Evan Whitfield grounds the show in a skillfully nuanced performance as Zed, an introverted, down-trodden, educational text editor who has returned to his small-town home for his mother’s funeral. Linz, played by an exuberant Tracy Leigh, literally and figuratively saves his life in the opening scene, pulling him away from oncoming traffic and eventually offering him a second chance in life with a job in her gourmet cupcake shop. Whitfield’s Zed (not his real name, but he must have always come in last in school) is a joy to watch as he transforms from a Charlie Brownish sad sack to something quit different in Act Two.
Alyssa Keene takes on the role of Zed’s sister, also back home for their mother’s funeral. She is visibly racked with an internal rage, unhappily dealing with the shoddy cards she’s been dealt: a mother who seemed to have ignored her all her life and a dead-end phone solicitation job in which she is currently trapped. It is a credit to Dillman and director Anita Montgomery, who had worked with the script in its infancy, that the piece is able to find so many life-affirming moments in such a somber set-up.

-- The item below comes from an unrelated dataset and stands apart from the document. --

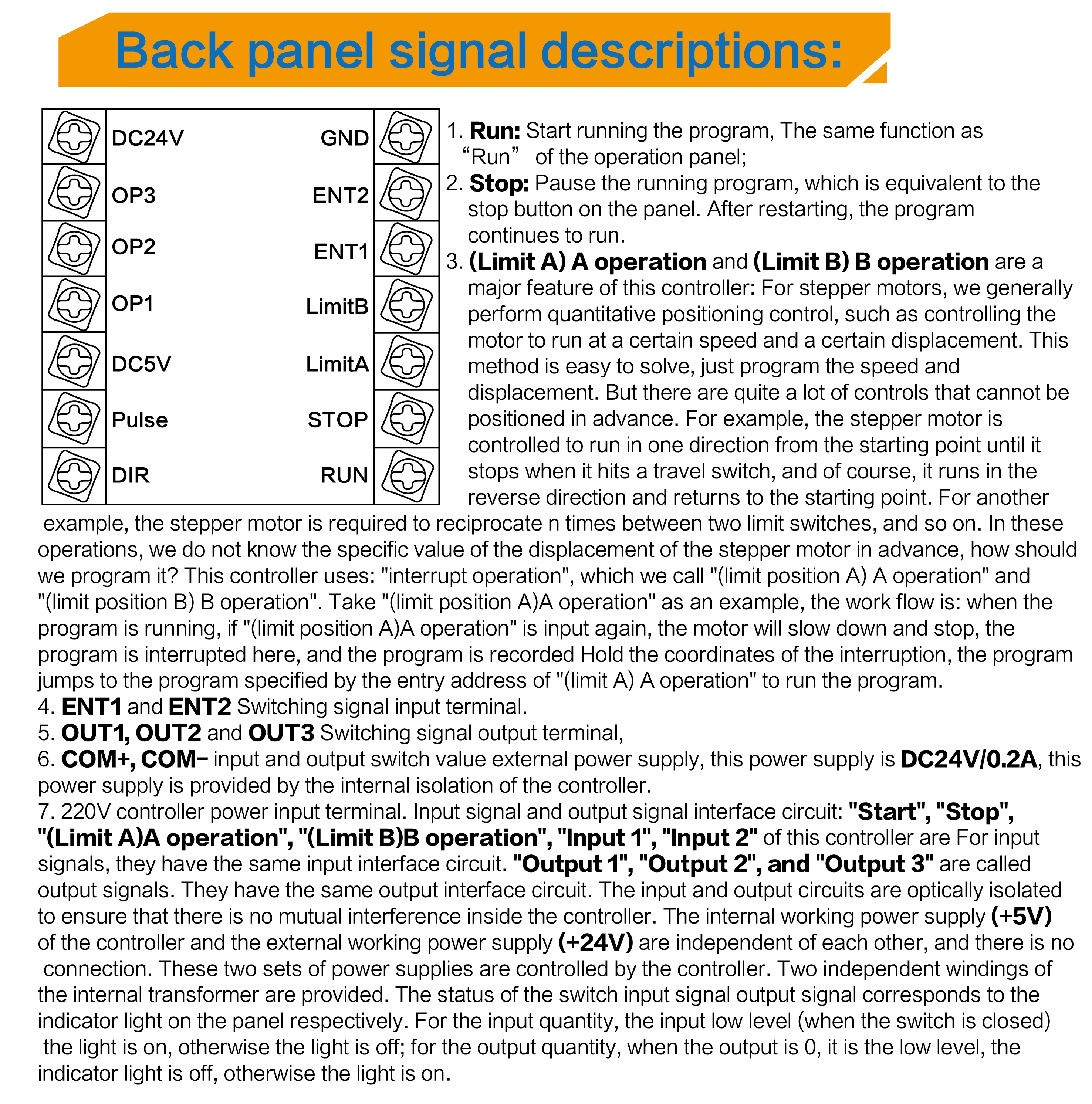 7. 220 в контроллер входной мощности терминала. Схема интерфейса входного сигнала и выходного сигнала: «СТАРТ», «стоп», «(предел A) операция», «(предел B) операция «B», «вход 1», «Вход 2» этого контроллера предназначен для входных сигналов, они имеют ту же схему входного интерфейса. «Выход 1», «выход 2» и «выход 3» называются выходными сигналами. Они имеют ту же схему выходного интерфейса. Входные и выходные схемы оптически изолированы, чтобы гарантировать отсутствие взаимных помех внутри контроллера. Внутренний рабочий источник питания (+ 5 В) контроллера и внешний рабочий источник питания (+ 24 В) не зависят друг от друга, и нет подключения. Эти два набора источников питания контролируются контроллером. Предусмотрены две отдельные обмотки внутреннего трансформатора. Состояние выходного сигнала входного сигнала переключателя соответствует индикаторному светильник на панели соответственно. Для входного количества Вход низкого уровня (когда выключатель закрыт) светильник включен, в противном случае светильник выключен; Для выходного количества, когда выход 0, это низкий уровень, светодиодный светильник выключен, в противном случае светильник включен.

Stephen Grenley, who has done a lot of good work at the Tap Root Theatre recently, assumes three roles for this show, none more effective than the philosophical postman that was very close to the recently deceased mother. His calm, good nature provides a refreshing oasis in a plot that is peppered with some wildly zany shenanigans. David Goldstein rounds out the cast as the eccentric, temperamental gourmet cupcake baker that plans to take the hapless Zed under his wing.
The play is remarkably well crafted and delivers a baker’s dozen insights on finding some kind of contentment in a modern world that can appear so steadfastly heartless and foreboding. Magical TV sets, electronic hissing that seems to have been lifted right out of a David Lynch movie, bicycling ghosts, eerie calliope music, solemn “cupcake tastings” and gleeful “Burial Property Brokers” all figure in the mix and add some intriguing layers to what at first seems to be what Montgomery refers to as “a little comedy.”

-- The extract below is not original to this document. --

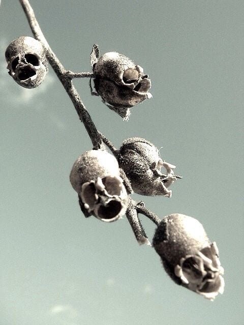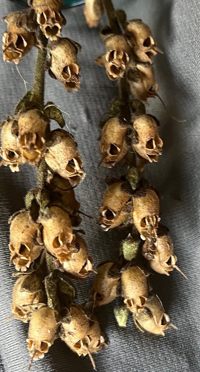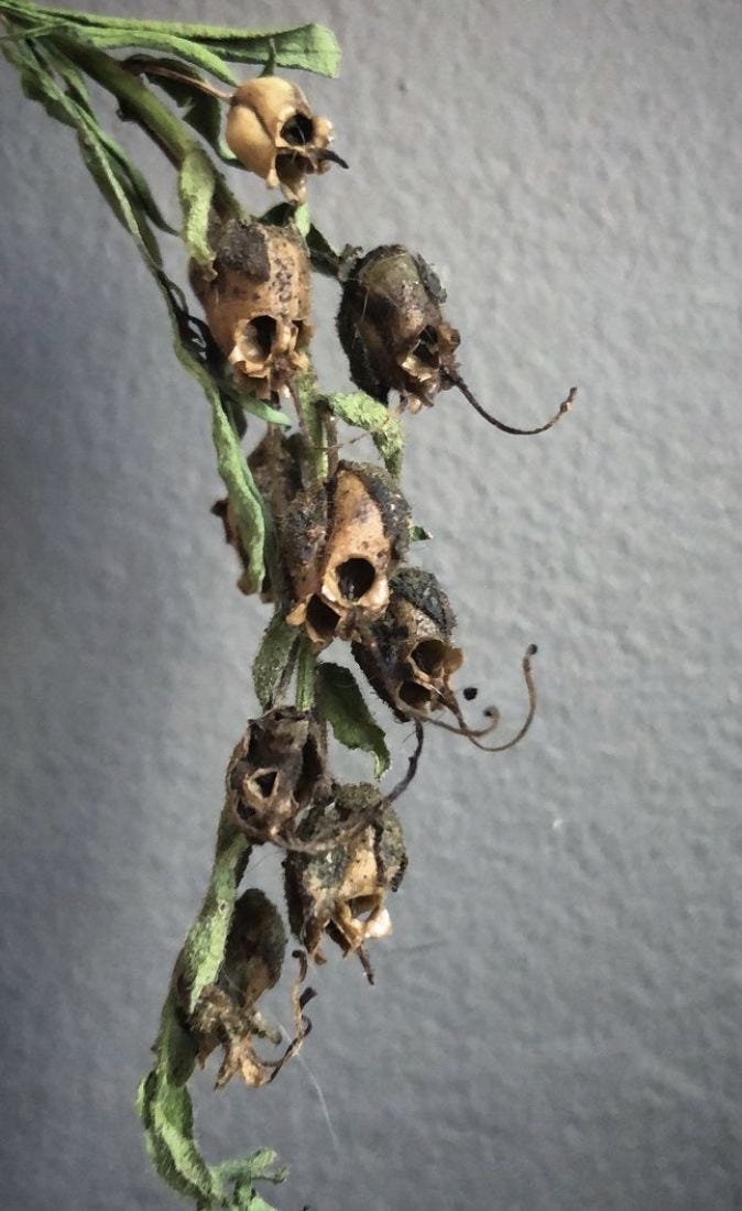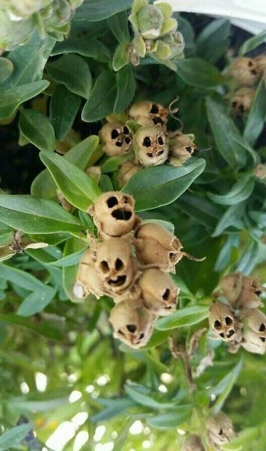 Dead snapdragon flowers mimic impish skulls

Lisa Dillman’s American Wee-Pie runs at the Seattle Public Theater at the Green Lake Bathhouse through February 16. The theater has a brand new sound system and Sound Deisigner Robertson Witmer makes fine use of it for its coming out party. The sounds and music of the small town almost seem to be another character in the play. Scenic Design by Andrea Bryn Bush; Lighting Design by Tim Wratten and Costumes by Candace Frank. Ticket information at www.seattlepublictheater.org.